Originally posted on ESPN:
Count me among those who seriously questioned whether "justice" was properly meted out to Donte' Stallworth, the NFL wide receiver who spent only 24 days in jail after pleading guilty to DUI manslaughter.
Let me restate the obvious for the thousandth time: Michael Vick got almost two years in federal prison for killing dogs. While his harsh sentence stemmed in part from lying to federal authorities and operating an illegal gambling franchise, there's no question Stallworth's jail term made us all wonder about the value of human life.
But putting aside the criticism of the way the judicial system dealt with Stallworth, a lot of athletes who find themselves in serious trouble could learn from the way Stallworth handled a situation that altered his life dramatically.
No matter what you think of Stallworth as a person or your opinion about his sentence, doing the right thing in a crucial moment saved him from suffering the same fate as Plaxico Burress and Michael Vick and spared him from similar public condemnation.
When Stallworth struck and killed Mario Reyes on a Miami causeway, he didn't flee the scene. He called 911 immediately and cooperated with the authorities from the beginning.
That and an undisclosed financial settlement to Reyes' family obviously went a long way with those who decided Stallworth's punishment.
Giving Stallworth credit for doing the right thing may seem odd, but it seems like most athletes choose to compound their wrongdoing with more wrongdoing, which only exacerbates already-problematic situations.
Before accepting a plea bargain that includes a two-year prison term, Burress and his legal team sent the message to New York City prosecutors that Burress was above doing jail time for accidentally shooting himself with an unlicensed firearm in a Manhattan nightclub.
There have been various reports about the plea agreements offered to Burress before the one he took Thursday, but it's quite possible that some of the prosecutors' previous offers would have had him out of jail in less than two years (or 20 months with good behavior). Burress should have known that once New York City mayor Michael Bloomberg lashed out against him, he was in a no-win situation.

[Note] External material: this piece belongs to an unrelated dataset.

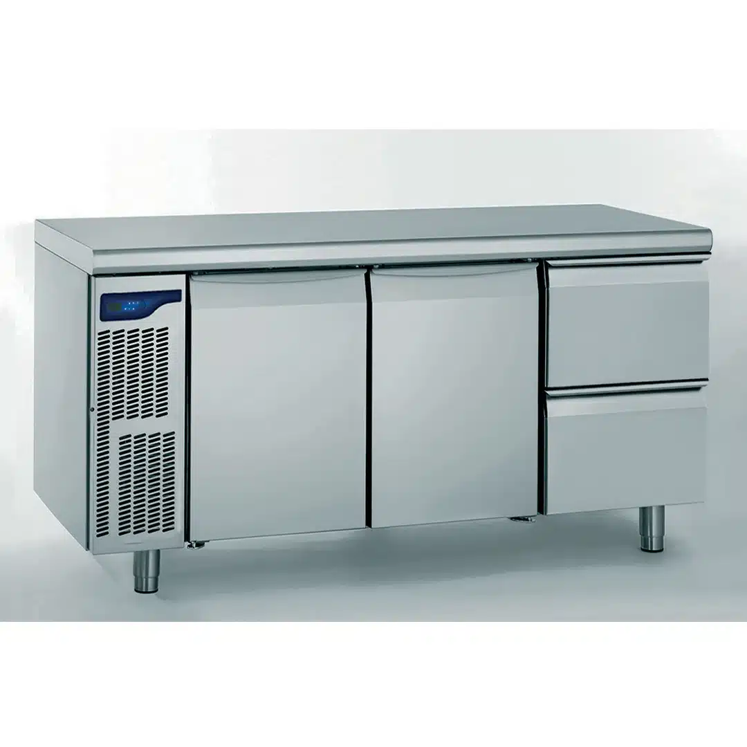 Meuble réfrigéré GN 1/1, 2 portes + 2 tiroirs, facile à nettoyer grâce à l’intérieur entièrement rayonné, avec des ouvertures uniformément réparties dans le plafond qui garantissent une répartition homogène de la température à l’intérieur de la réserve.
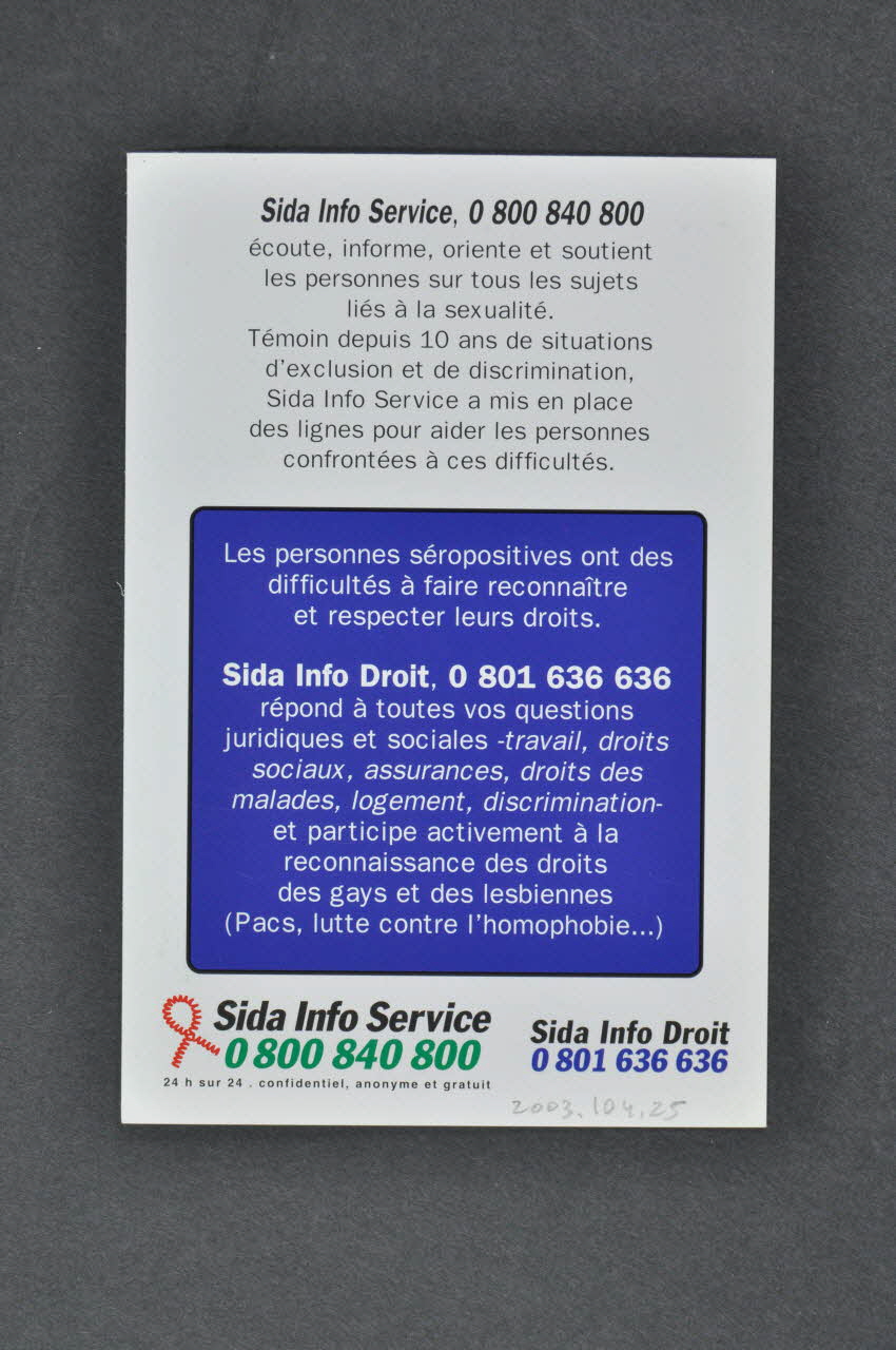 Sida Info Service, 0 800 840 800 / écoute, informe, oriente et soutient / les personnes sur tous les sujets / liés à la sexualité. / Témoin depuis 10 ans de situations / d'exclusion et de discrimination, / Sida Info Service a mis en place / des lignes pour aider les personnes / confrontées à ces difficultés. (Petit texte imprimé en noir, au dos de la carte, en haut, au dessus d'un cadre bleu.), versoCUNEO (Signature du dessin placé sous ce dernier, en bas, à droite.), rectoSida Info Service / 0 800 840 800 / 24 h sur 24 . confidentiel, anonyme et gratuit (Numéro de téléphonne inscrit dans le bas du dos de la carte, à gauche. Il est imprimé en vert, en dessous du nom du service qui est inscrit en noir, à droite d'un logo rouge représentant le "ruban rouge" en fil téléphonique.), versoDécor

"I think it would be an outrage if we didn't prosecute to the fullest extent of the law," Bloomberg said last November, "particularly people who live in the public domain, make their living because of their visibility — they're the role models for our kids."
A combination of arrogance, disbelief and denial probably prevented Burress from seeing the obvious, and it has cost him his freedom and possibly his football career.
Stallworth did the opposite, even though — like Burress — he was facing a possible 15-year prison sentence.
Though there were questions about whether the traces of marijuana in Stallworth's system and his 0.126 blood-alcohol content were the primary cause of his tragic accident, that didn't prevent him from taking full responsibility for his actions. And Stallworth certainly never sent the message to authorities that he was above the law because he played in the NFL.
And unlike Vick, Stallworth never lied to the authorities. Vick, on the other hand, not only lied to the Feds; he also lied to NFL commissioner Roger Goodell and Falcons owner Arthur Blank.
The fact that Vick financed a dogfighting operation for several years shows a consistent willingness to break the law, which didn't sit well with anyone who had input into his punishment. But if Vick had not engaged in a full-blown cover-up, the authorities might have been more flexible.
There's something to be gained by following a wrong with a right. To date, Jason Giambi has never faced the same backlash or judicial issues as others that have been fingered for using performance-enhancing drugs. Giambi played ball with the federal government and testified in the BALCO case. He didn't pull a Marion Jones, whose repeated lies about her steroid use led to six months in jail. And give me Giambi's vague apology over Alex Rodriguez's bumbling mea culpa for steroid use any day.
By no means am I trying to paint Stallworth or Giambi as heroes or give either one a pass. As it is, Stallworth should consider himself lucky he didn't commit DUI manslaughter in New York, where lawmakers are seeking to beef up the state's drunk-driving laws by charging drunk drivers who kill someone with second-degree murder.
But it isn't fair to lump Stallworth in the same category as Vick and Burress. The disparity in their prison sentences isn't the only thing they don't have in common.